Title or name in ancient Tamil literature

Saathanar (சாத்தனார்) is a title or name attributed to several notable individuals in ancient Tamil literature, particularly during the Sangam period. The name "Saathan" was commonly associated with merchants, philanthropists (vallals), warriors, and poets, reflecting a multifaceted role in Tamil society.

== Etymology ==
The term "Saathan" is believed to derive from the Tamil word sāttu (சாத்து), meaning a Buddhist monk or a merchant. This nomenclature was prevalent during the early days to denote individuals associated with Buddhism or trade. For instance, the poet known as Maturai Kulavāṇikan Cāttan (Madurai Grain Merchant Saathanar) was distinguished from others with similar names by his profession and place of residence.

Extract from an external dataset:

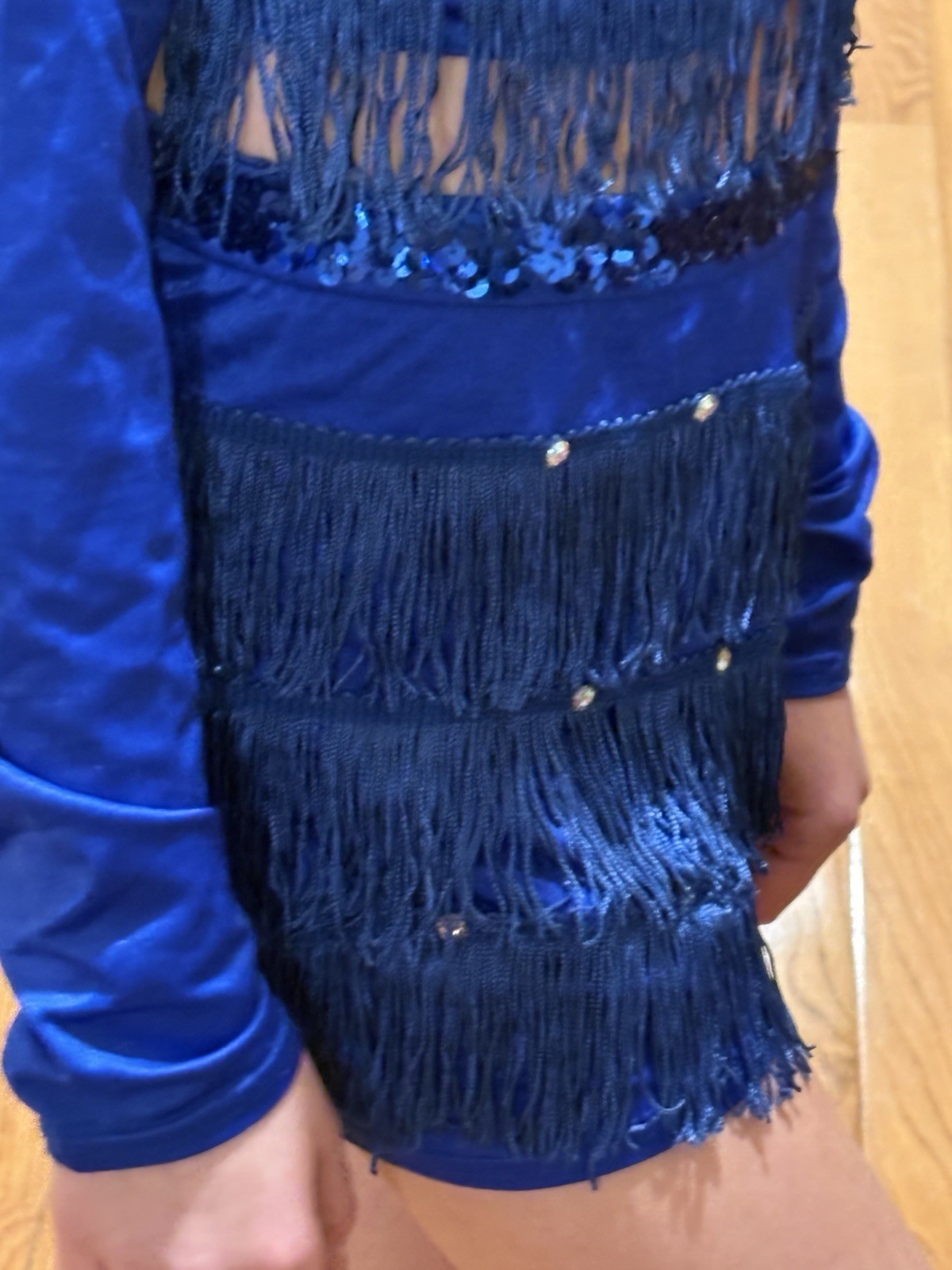как выглядит Dance Competition 2 Piece Solo Costume Royal Blue With Fringe And Rhinestones фото

== Notable Figures Named Saathanar ==

=== Chithalai Saathanar ===
Chithalai Saathanar was a renowned Tamil poet credited with composing the epic Manimekalai. He hailed from Seerthandalai (later known as Seethalai) and was a grain merchant in Madurai, earning him the epithet "Kulavāṇikan". A practitioner of Buddhism, his works reflect deep philosophical insights and advocate Buddhist principles.

=== Perunthalai Saathanar ===
Perunthalai Saathanar, a poet from Perunthalayoor near present-day Gobichettipalayam in Erode district, was known for his humility and poetic prowess. In Purananuru verse 209, he praises a chieftain despite not receiving any gifts, showcasing the self-respect of Sangam-era bards.

=== Vannakkan Saathanar ===
Vannakkan Saathanar was a late Sangam period poet known for his erudition in Sanskrit and comparative studies between Tamil and Sanskrit. He authored verse 43 of the Tiruvalluva Maalai, expressing his views on Valluvar and the Tirukkural.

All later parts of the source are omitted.